• Carbon di Oxide Process: In this process, already steamed coffee beans are either soaked (technically speaking, subjected to) in liquid Carbon di oxide (CO2 gas under high pressure liquefies) or Carbon di Oxide is passed at high pressure through water containing soaked beans and subjected to carbon (charcoal) filters. This method can be called organic because Carbon di Oxide is considered an organic gas (even if produced synthetically) scientifically. So, you can go ahead with this.
• Coffee Oil (Triglyceride) Process: In this process, the coffee beans are first soaked in hot water (some caffeine is removed first hand), removed, and then soaked in coffee oil. The triglycerides present in coffee oil pull out the caffeine from the surface of the beans (the caffeine surfaces due to action of hot water). Thereafter, the beans are removed and dried. This method preserves the flavour and the taste of coffee to a great extent. The oil left can be reused after removal of the caffeine from it. This method of removal of caffeine from the oil before reusing is what decides whether the coffee can be called organic or inorganic. If the oil is decaffeinated using chemicals (Methylene Chloride etc.), then it is no more organic. If some organic method like charcoal filters is applied for this purpose, then it can be called organic.

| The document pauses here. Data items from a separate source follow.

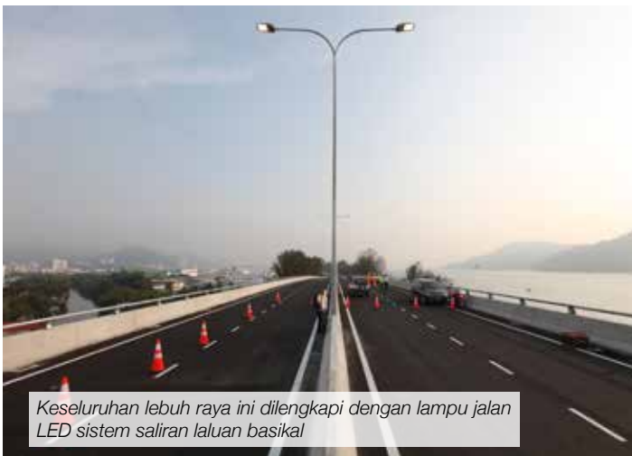
Keseluruhan lebuh raya ini dilengkapi dengan lampu jalan LED sistem saliran laluan basikal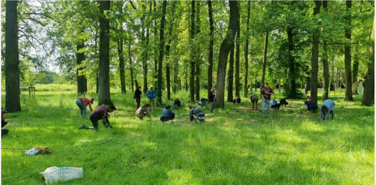
Initiation à l'animation de sorties Spipoll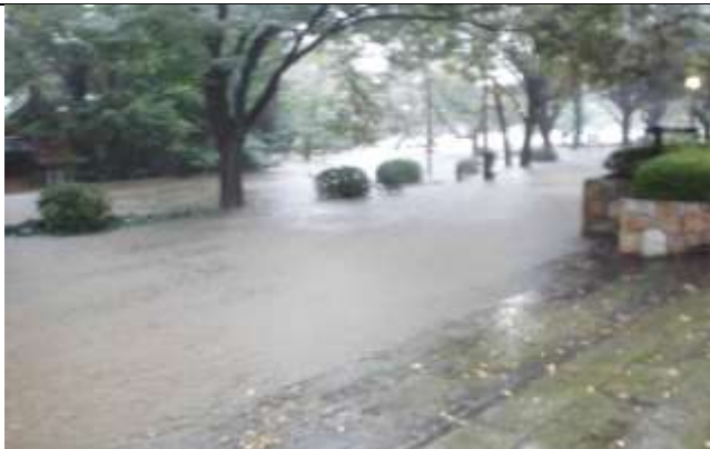
溢れた水が南門に押し寄せる

Why Decaffeination? Caffeine is an external stimulating agent and can be harmful to health in the long run and in overdose. It can give birth to serious troubles like chronic headache, chronic fatigue, annoyance, lungs disorders, high blood pressure, nervous disorders, anxiety, insomnia, lack of appetite etc. Caffeine found in coffee is much higher than that in tea and hence it becomes important to decaffeinate it. Decaffeinated coffee lets you enjoy the remarkable flavour and taste of coffee without risking your health.